Records shown:
══════════════════════════════

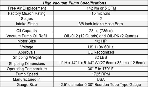 High Vacuum Pump, 5CFM, 110V, 60Hz with 0-30" Bourdon Tube Type Gauge
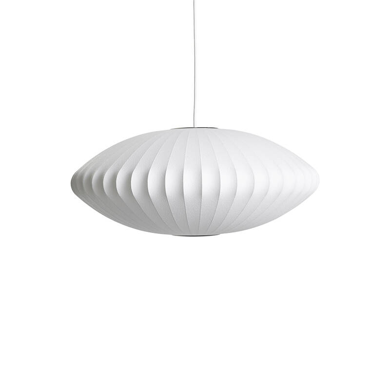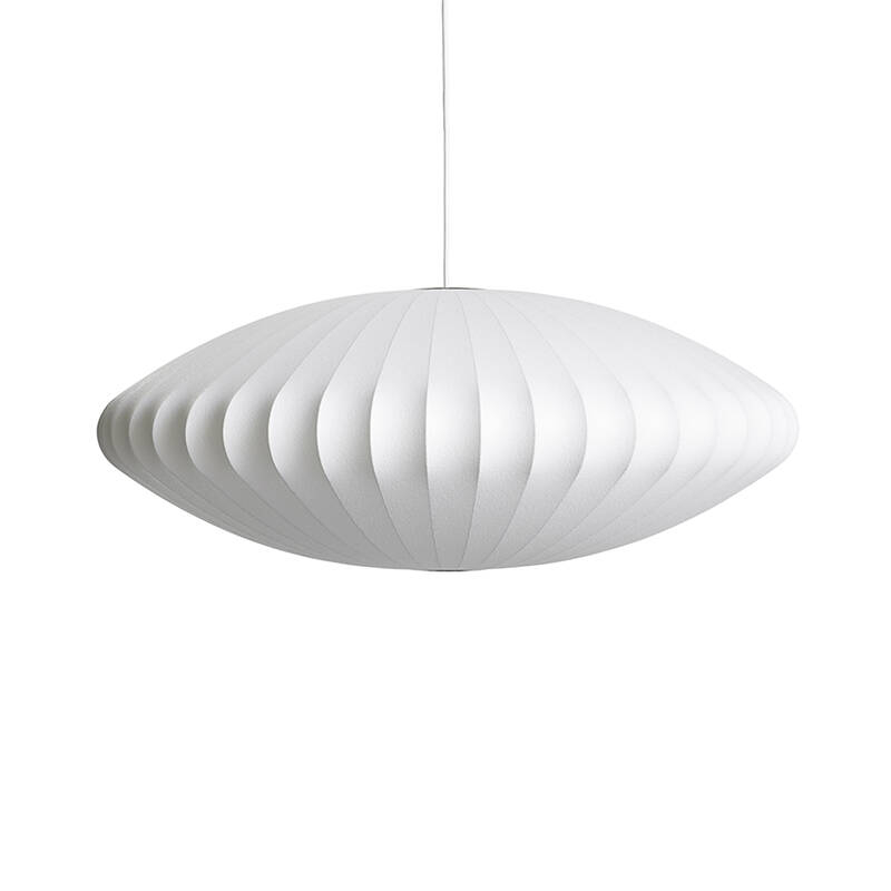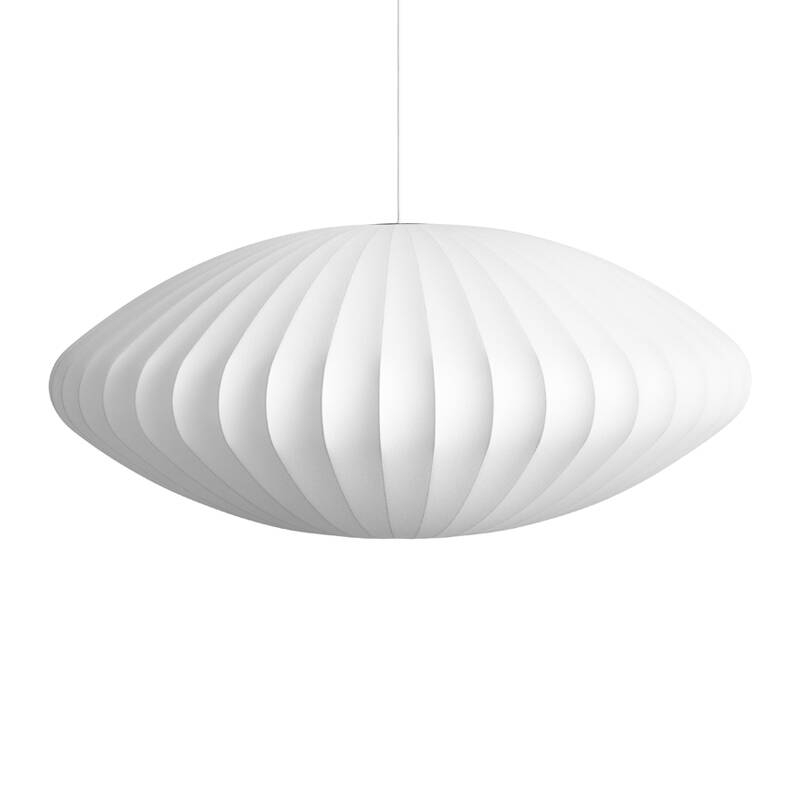 Bubble lamp was a revolution in the modern lamp industry. Available in different sizes and organic shapes, this elegant collection is inspired by a set of Swedish silk lights that Nelson wanted for his office but found too expensive. Employing the ingenuity that so characterises his work, he decided to use a spray plastic, developed by the US military, and apply it to a lightweight steel structure to produce these luminous sculptures. Iconic and timeless, this suspension lamp reissued by
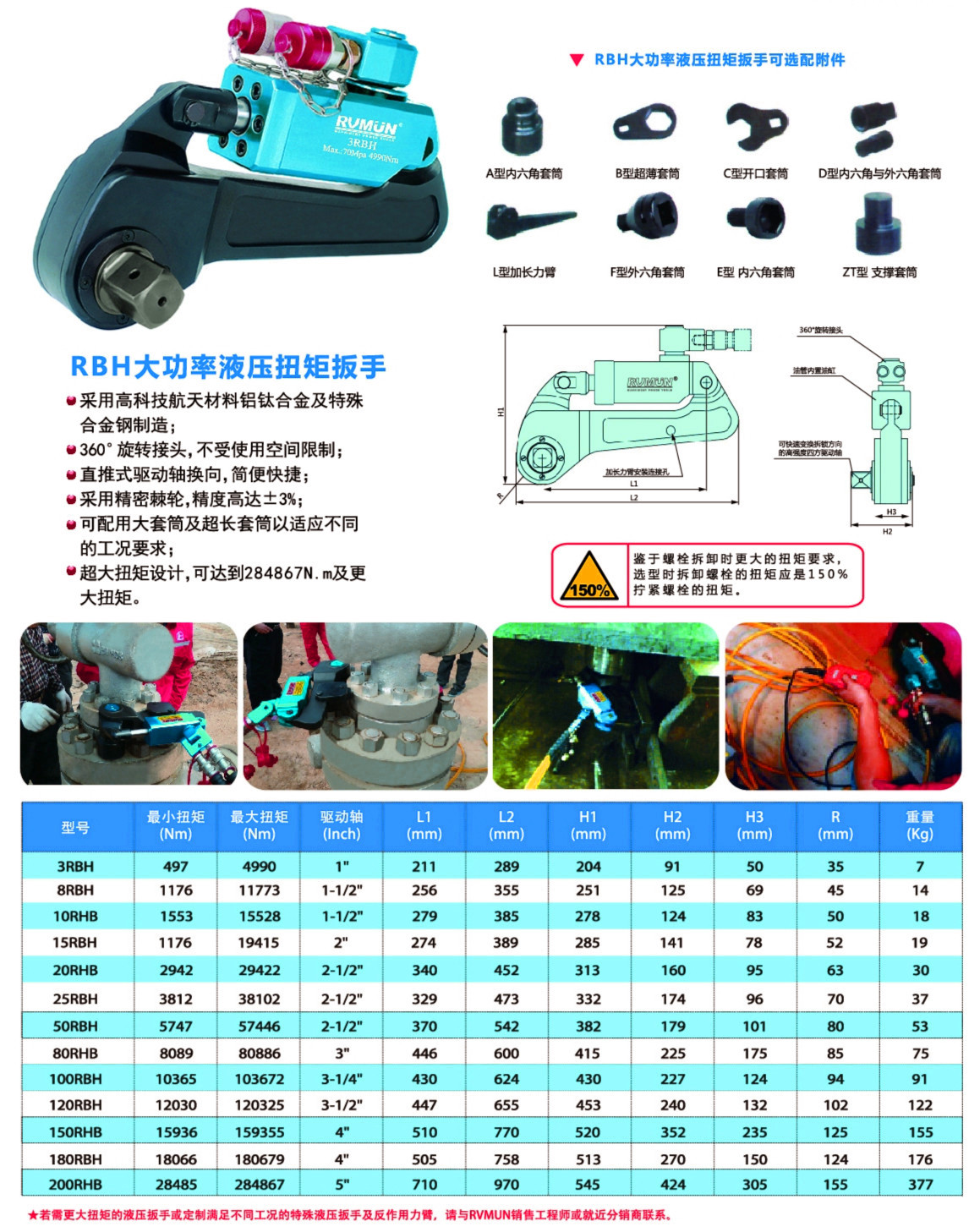 ★若需要更大扭矩的液壓扳手或定制滿足不同工況的特殊液壓扳手請與RVMUN銷售工程師或就近分銷商聯(lián)系
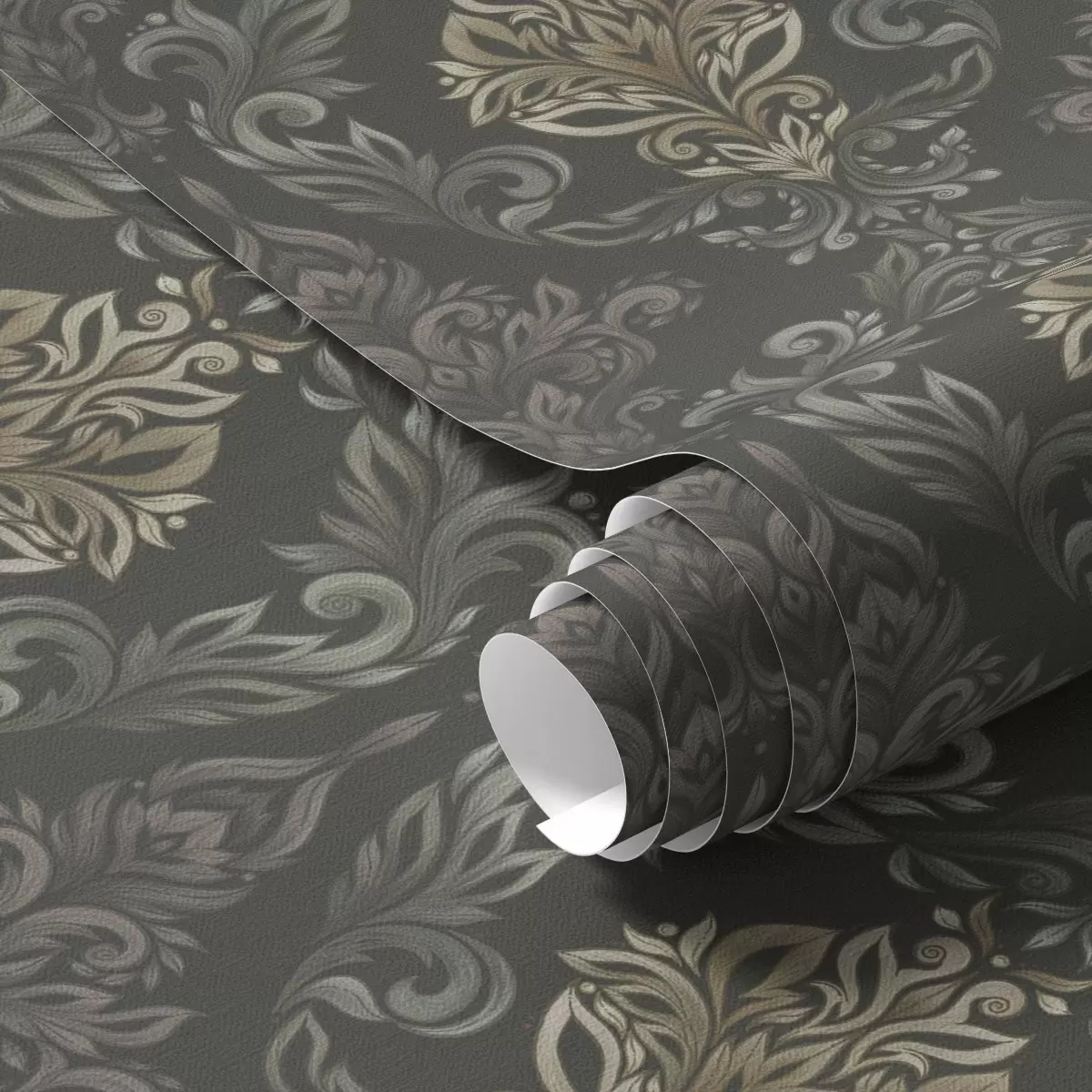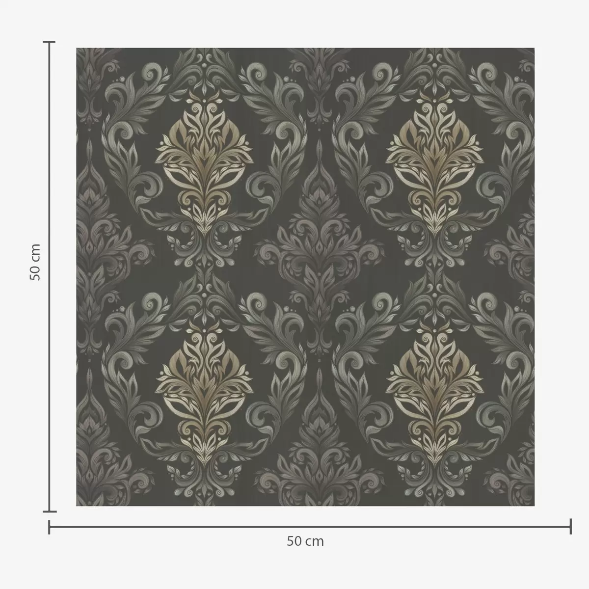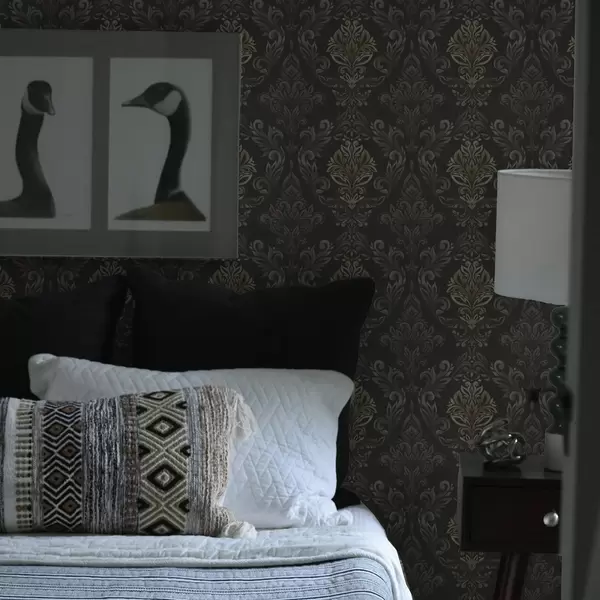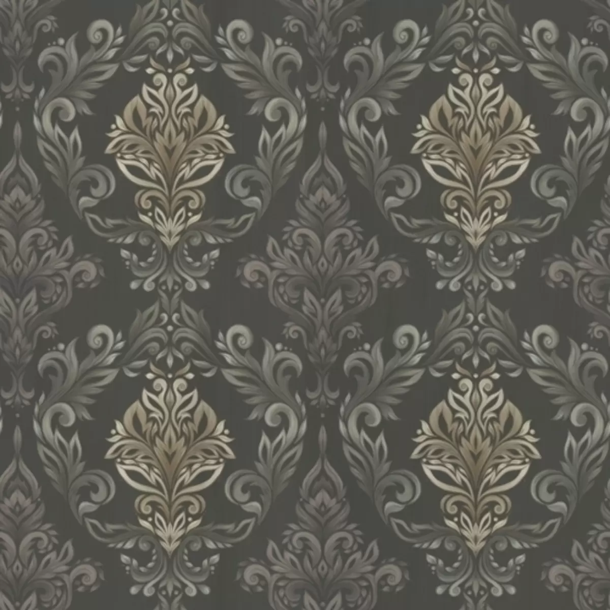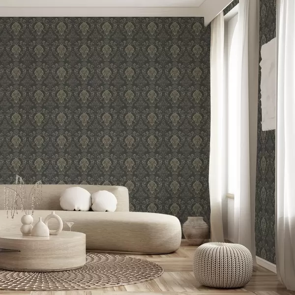 Stenske poslikave Damask na temnem grafitnem ozadju, olivno-okrasti poudarki Št. a00828v5
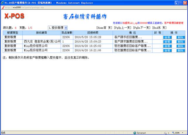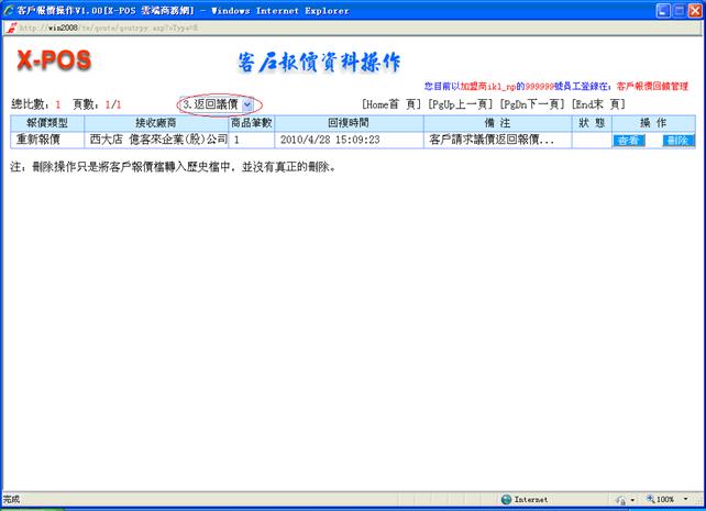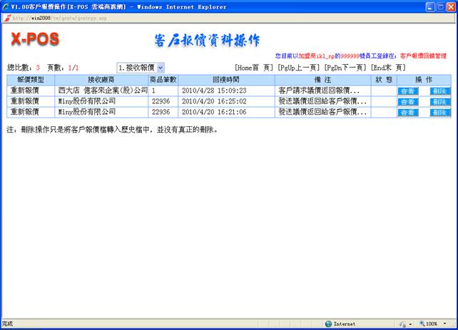 :删除报价信息只是将客户报价档转入历史档中,并没有真正的删除。如下图:
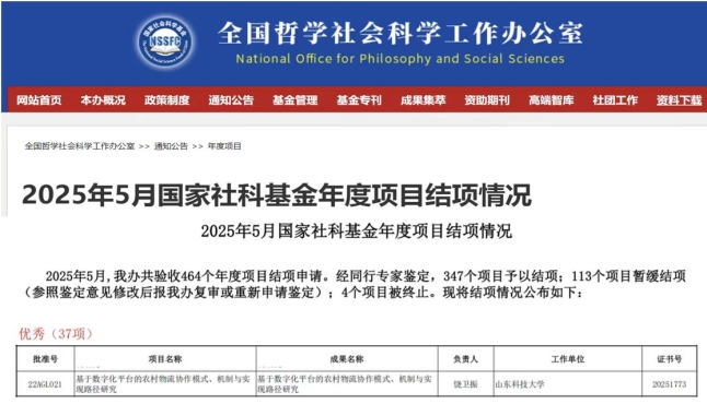 近日,全国哲学社会科学工作办公室公布了2025年5月国家社会科学基金年度项目结项情况,LD官网饶卫振教授主持的重点项目“基于数字化平台的农村物流协作模式、机制与实现路径研究”(项目批准号:22AGL021)成功结题,获评“优秀”等级。全国哲学社会科学工作办公室本次共验收464个年度项目结项申请,经同行专家鉴定,获评优秀等级项目37个,优秀率7.98%。

══════════════════════════════

Work to complete: Would it be possible to copy the material exactly, excluding the images?

Result for this exercise:
 High Vacuum Pump, 5CFM, 110V, 60Hz with 0-30" Bourdon Tube Type Gauge
 Bubble lamp was a revolution in the modern lamp industry. Available in different sizes and organic shapes, this elegant collection is inspired by a set of Swedish silk lights that Nelson wanted for his office but found too expensive. Employing the ingenuity that so characterises his work, he decided to use a spray plastic, developed by the US military, and apply it to a lightweight steel structure to produce these luminous sculptures. Iconic and timeless, this suspension lamp reissued by
 ★若需要更大扭矩的液壓扳手或定制滿足不同工況的特殊液壓扳手請與RVMUN銷售工程師或就近分銷商聯(lián)系
 Stenske poslikave Damask na temnem grafitnem ozadju, olivno-okrasti poudarki Št. a00828v5
 :删除报价信息只是将客户报价档转入历史档中,并没有真正的删除。如下图:
 近日,全国哲学社会科学工作办公室公布了2025年5月国家社会科学基金年度项目结项情况,LD官网饶卫振教授主持的重点项目“基于数字化平台的农村物流协作模式、机制与实现路径研究”(项目批准号:22AGL021)成功结题,获评“优秀”等级。全国哲学社会科学工作办公室本次共验收464个年度项目结项申请,经同行专家鉴定,获评优秀等级项目37个,优秀率7.98%。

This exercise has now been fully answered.